The only grievance plaintiff has included as an exhibit that could have served as a predicate for a retaliation claim against defendant Lundy or any of this group of defendants was the February 27, 2011 appeal, which is marked as rejected. A rejected appeal need not and cannot be withdrawn. Accordingly, the allegation that plaintiff was pressured to withdraw his appeal does not make sense in relation to this grievance. Construing plaintiff's claim as one of retaliation for filing the March 1, 2011 CDCR 22, plaintiff provides no evidentiary support for the threatening statements that he alleges were made by defendants and witnessed by other inmates.
Regardless of which complaint plaintiff thinks motivated the alleged retaliation, the claim fails for evidence of retaliatory intent. Defendants have presented evidence that plaintiff's ad seg placement pending investigation of his allegations reasonably advanced legitimate correctional goal. See Silva v. Di Vittorio , 658 F.3d at 1104. Plaintiff points to no admissible evidence that creates a triable issue of fact on this issue.
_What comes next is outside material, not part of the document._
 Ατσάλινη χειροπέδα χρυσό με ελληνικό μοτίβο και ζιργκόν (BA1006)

Accordingly, defendants Lundy, Campbell, Franco and Prior should be granted summary judgment.
Finally, plaintiff acknowledges that defendant Garcia had no involvement in his ad seg placement. Accordingly, the retaliation claim fails as to this defendant. To the extent plaintiff claims that Garcia threatened him, no constitutional violation is presented. Even threats of bodily injury are insufficient to rise to the level of a constitutional violation, because "a mere naked threat" does not equate with the commission of the act itself. Gaut v. Sunn , 810 F.2d at 925. Plaintiff does not offer evidence of any concrete act of retaliation by Garcia. Moreover, the court finds there is an absence of evidence to demonstrate that the filing of any grievance by plaintiff was the motivating factor behind any threat by defendant Garcia. The motion for summary judgment as to defendant Garcia should be granted.
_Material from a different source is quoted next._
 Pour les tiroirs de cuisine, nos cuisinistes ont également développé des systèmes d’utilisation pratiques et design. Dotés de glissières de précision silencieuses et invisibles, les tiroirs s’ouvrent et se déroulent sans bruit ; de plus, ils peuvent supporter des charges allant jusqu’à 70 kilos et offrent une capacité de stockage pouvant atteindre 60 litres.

Because the court has found an absence of evidence to support plaintiff's claims and that defendants are entitled to summary judgment on that basis, defendants' qualified immunity arguments need not be addressed.
IT IS RECOMMENDED that:
1. Plaintiff's motion for a stay of the proceedings, ECF No. 142, be denied;
2. Defendants' motion for summary judgment, ECF No. 121, be granted and judgment be entered for defendants.
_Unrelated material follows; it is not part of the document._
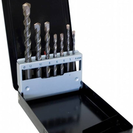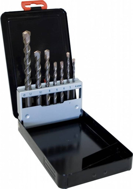 7-delige betonborenset, in metalen cassette. Inhoud: Afmeting mm. aantal 4x851 5x951 6x1002 8x1201 10x1201 12x1501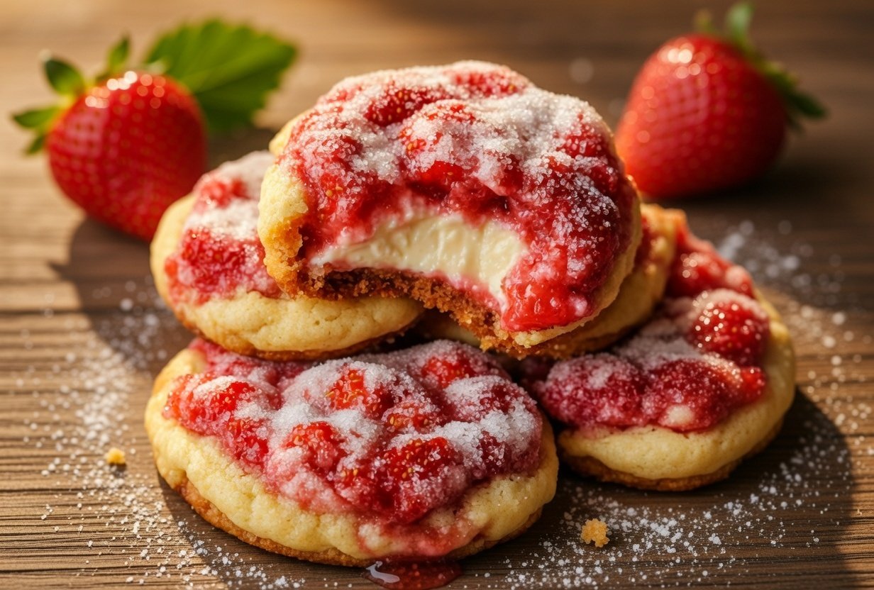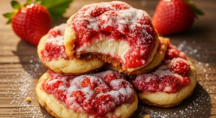 Soft strawberry cookies with sweet-tangy cheesecake centers, easy to make, great for any celebration or cozy treat.

These findings and recommendations are submitted to the United States District Judge assigned to the case, pursuant to the provisions of 28 U.S.C. § 636(b)(l). Within fourteen days after being served with these findings and recommendations, any party may file written objections with the court and serve a copy on all parties. Such a document should be captioned "Objections to Magistrate Judge's Findings and Recommendations." Any response to the objections shall be filed and served within fourteen days after service of the objections. DUE TO EXIGENCIES IN THE COURT'S CALENDAR, NO EXTENSIONS OF TIME WILL BE GRANTED. The parties are advised that failure to file objections within the specified time may waive the right to appeal the District Court's order. Martinez v. Ylst , 951 F.2d 1153 (9th Cir. 1991).